Il calcio è un libro fatto di storie. Storie di vita. Tante le strade. Tante le sfumature. Dai capitoli di chi ha sprecato il suo talento a quelli di chi si è scontrato con le sfortunate variabili della sorte. Poi ci sono le pagine di chi ce l’ha fatta, magari contro ogni aspettativa. Se si sfogliano queste pagine, tra una riga e l’altra, ci si incammina nella strada di un ragazzo tedesco. Dedizione, lavoro e forza di volontà le sue armi. Una strada che l’ha portato fino alla Serie A. Una carriera in cui forse solo lui credeva. Se l’è costruita. Passo dopo passo. Perché come dice il titolo della sua autobiografia, “vale la pena sognare”. Ora va di corsa. La nuova tappa è Milano. Il suo nome, Robin Gosens

  


La forza di credere nei propri sogni

Ci si ferma alla superficie. In una società dell’immagine ci si accorge solo di ciò che si vede, di ciò che appare. Ciò che c’è dietro resta nascosto, celato. Ed ecco che di Gosens si corre il rischio di apprezzarne il solo rush finale. Il suo strapotere fisico e la sua ascesa degli ultimi anni. Ma Robin tutto questo se l’è creato. L’ha pensato con la propria testa.

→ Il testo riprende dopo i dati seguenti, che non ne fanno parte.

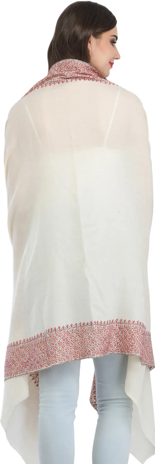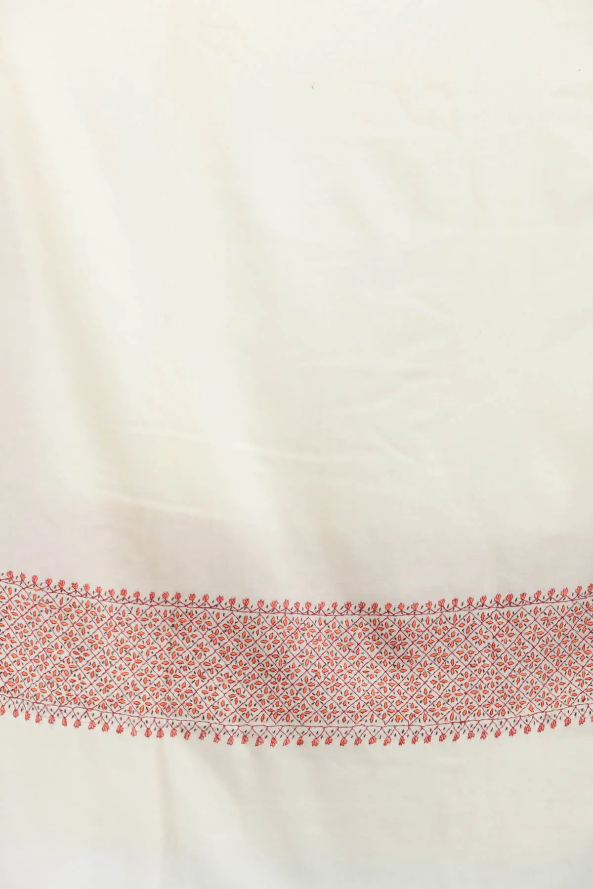 Ivory Tusha Stole with Hashidar Hand Embroidery on Border from Kashmir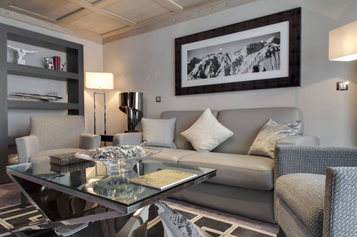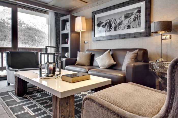 3 спальни (1 спальня на первом этаже - 2 спальни на первом этаже), 1 двуспальная кровать или 2 односпальные кровати в каждой комнате, отдельная гостиная с камином, балкон на южной стороне с видом на склоны, 2 ванные комнаты - 1 ванная комната на первый этаж с комбинированной ванной и душем - 1 ванная комната на первом этаже с отдельной ванной и душем, отдельными туалетами, феном, халатами и тапочками, туалетными принадлежностями Lalique, бесплатным Wi-Fi, телевизором с плоским экраном, Blu-Ray-плеером, док-станцией для iPod с радио, мини-бар, сейф, кофемашина Nespresso, дополнительная кровать не предоставляется

L’ha conquistato con le proprie azioni. Una storia che parte dalla Germania, a 500 metri dal confine con l’Olanda. La città è Emmerich am Rhein. Da una parte del fiume la terra tedesca, dall’altra quella olandese. Un provino con il Borussia Dortmund. Un disastro. Fino a 18 anni gioca tra i dilettanti. Per diletto. Tra un lavoro da benzinaio e quella voglia di entrare in polizia:Andavo a scuola e pensavo che ormai fosse tempo di cercare un lavoro stabile. In Germania esiste un percorso di formazione specifico per entrare in Polizia e stavo intraprendendo proprio quella strada. Poi tutto è cambiato velocemente, sono passato da una piccola realtà al calcio italiano e all’Europa League”.
Il calcio inizialmente non era un’opzione seria per il futuro. Poi l’opportunità. La chiamata del Vitesse. Una chiamata arrivata tardi. Meglio così, forse: “Credo che se fossi entrato presto in qualche settore giovanile mi sarei stufato di regole e schemi da seguire. Io non sono così, quando ero più giovane mi sono divertito e ho giocato sempre a calcio con gli amici prendendo tutto il tempo che mi serviva. Dal giorno in cui ho firmato il primo contratto da professionista la mia vita è cambiata: ho sempre sognato di fare il calciatore ma in quel momento, avevo 19 anni, ho capito che potevo davvero farcela”.

 


Una sola strada: lavorare più degli altri

I miei compagni di squadra ridevano per la mia scarsa tecnica e la mancanza di coordinazione”. A raccontarlo Robin Gosens. Sì, quel giocatore che in campo sembra un treno in azione. Vitesse, poi Dordrecht e Heracles Almelo. Nel 2017 la chiamata da Bergamo: “All’inizio non pensavo fosse qualcosa di serio. Voglio dire, ho visto che l’Atalanta era tra i primi cinque del campionato di Serie A e non potevo credere che avessero seriamente interesse per me. Ma mi hanno convinto, sapevano tutto di me. Sulla via del ritorno, in aereo, ho detto a mio padre: è una pazzia che devo fare”.

 


 E Robin continua a disegnarsi la sua strada. Gli inizi sono difficili. Nuovo Paese, nuova cultura, nuova lingua. I dettami di Gasperini da comprendere. La soluzione, il lavoro. Tra le sessioni in palestra e le lezioni supplementari di tattica. La sua fascia diventa di sua proprietà. L’erba bruciata. Gli avversari sovrastati. Diventa grande e con lui l’Atalanta. Ad accorgersene anche la Germania. Arriva la chiamata dalla Nazionale. Ora lo step successivo. Milano e l’Inter. Dopo il calcio una laurea in psicologia. Ma per quella, c’è tempo. Ora vuole conquistarsi San Siro. Già, conquistarsi. Come ha sempre fatto. Una nuova pagina nel libro della sua carriera.